Posted by HandGrenade
Member since Oct 2010
11232 posts
Posted on 1/25/14 at 12:45 pm to
At least yours pouts..mine does it with a straight face then pouts in secret.
Posted by Drewbie
tFlagship
Member since Jun 2012
62100 posts
Posted on 1/25/14 at 12:49 pm to
I must say I've been thoroughly impressed with the responses in this thread. Good to see people can drop the internet personas for a serious topic.




But you bitches are fair game in tRant.
Posted by RockyMtnTigerWDE
War Damn Eagle Dad!
Member since Oct 2010
107207 posts
Posted on 1/25/14 at 1:10 pm to
quote:

If I can break her of this, I'd love it



Do you think she is a puppy?

I'll pass on some sound advice I received a long time ago. The person you are seeing and sharing life with, is what you should expect from them. She may change but what you see now is what you should expect, and not think well I can change them. You and her have your own personalities, mannerisms, and habits. You don't have the right to force change nor does anyone else on another person.

Point is if you can accept her as she is now then by all means enjoy the future with her. If she grows out of this trait then great. Sometimes green, red or yellow flags are everywhere and one has to assess those moments. The trick is not overlooking things that you know can be a wedge because of your emotions towards that person. One must also be mature enough to accept that imperfections maybe what attracts us to someone. None of us are the perfect mate, and we shouldn't expect perfection either.

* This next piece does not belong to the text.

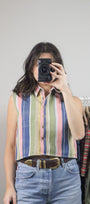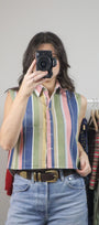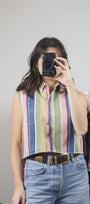 Vintage x Cotton Cropped Striped Button Tank (S/M)

Your GF's pouting most likely is due to immaturity and sounds like what she has done to manipulate parents. Now with all I said nothing wrong in reacting differently than daddy did when she does this. Also, we on here are only getting a sliver of a glimpse into what you are experiencing. Who knows maybe in reality she should be the one to run from you?...

Good luck
Posted by Arkla Missy
Ark-La-Miss
Member since Jan 2013
10288 posts
Posted on 1/25/14 at 1:24 pm to
Rocky, pls see avi/sig thread on help board. Thx.

Very good advice on the pouting thing as well.
This post was edited on 1/25/14 at 1:24 pm
Posted by Ole Geauxt
KnowLa.
Member since Dec 2007
50880 posts
Posted on 1/25/14 at 1:37 pm to
hijacker

Posted by Arkla Missy
Ark-La-Miss
Member since Jan 2013
10288 posts
Posted on 1/25/14 at 2:02 pm to
Sorry!!

But I commented on the topic at hand ... Kinda.